In Parijs riepen vredesdemonstranten in het Engels: “Stop Bush! Stop war!” De
60.000 man sterke mars was de derde landelijke demonstratie sinds oktober 2002. In Moskou
scandeerden tijdens een mars bij de Amerikaanse ambassade ongeveer 1000 mensen “VS handen af van
Irak!”en “Yankee, go home!”. Elders in Europa verzamelden zich 5000 vreedzame demonstranten in
Götenborg (Zweden), terwijl in de Duitse steden Keulen, Bonn, Rostock en Tübingen door duizenden
mensen werd geprotesteerd. Demonstranten in Londen kwamen buiten het permanente hoofdkwartier
van het Britse leger bijeen om hun oppositie kenbaar te maken. Ongeveer 100 mensen van de Turkse
Groenen demonstreerden in Istanboel, waarbij ze symbolisch speelgoedgeweren in een vuilnisbak
gooiden. Zo’n duizend activisten marcheerden in Caïro, terwijl ook in verscheidene Pakistaanse
steden vredesdemonstraties werden gehouden.

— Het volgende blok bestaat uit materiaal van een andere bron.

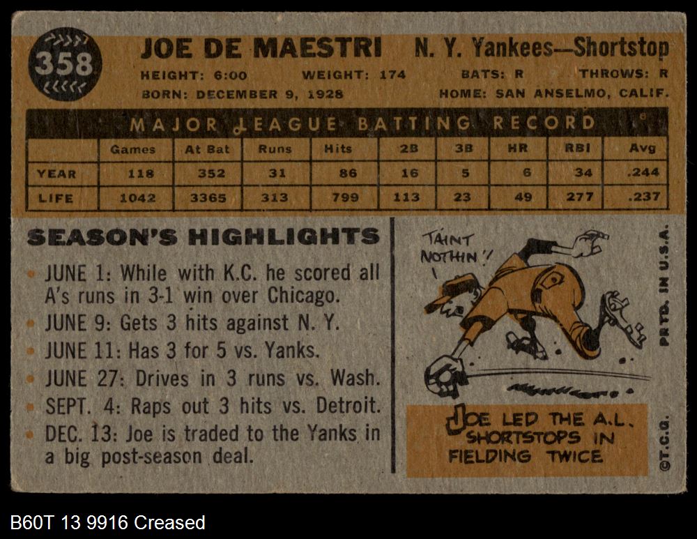 This set does not include the following cards: #35 Whitey Ford, #51 Jim Coates, #65 Elston Howard, #83 Tony Kubek, #102 Kent Hadley, #160 Rival All-Stars - Mickey Mantle / Ken Boyer, #183 Eli Grba, #405 Bobby Richardson, #465 Yankees Coaches - Bill Dickey / Ralph Houk / Frank Crosetti / Ed Lopat, #522 Ken Hunt, #553 All-Star - Bill Skowron

Verder vonden demonstraties plaats in Christchurch (Nieuw-Zeeland), waar
ongeveer 400 mensen een door de Groenen georganiseerde bijeenkomst bijwoonden; en in Tokio
woonden naar schatting 4000 studenten en vakbondsleden een protestconcert en -mars bij. Meer dan
1500 burgers zwaaiden met plakkaten en spandoeken en marcheerden in de Bahreinse hoofdstad
Manama, “Nee” tegen de oorlog met Irak roepend, en ze riepen hun pro-Westerse regering op de
Amerikaanse troepenmacht uit het koninkrijk weg te zenden. De kleine staat aan de Perzische Golf
is de thuishaven van de Amerikaanse 5de vloot en herbergt ongeveer 1000 man Amerikaans militair
personeel behorende tot de strijdkrachten die ingezet worden bij een door Amerika geleide aanval
op Irak
(Bron: CNN, VS; BBC, GB; Associated Press; Reuters)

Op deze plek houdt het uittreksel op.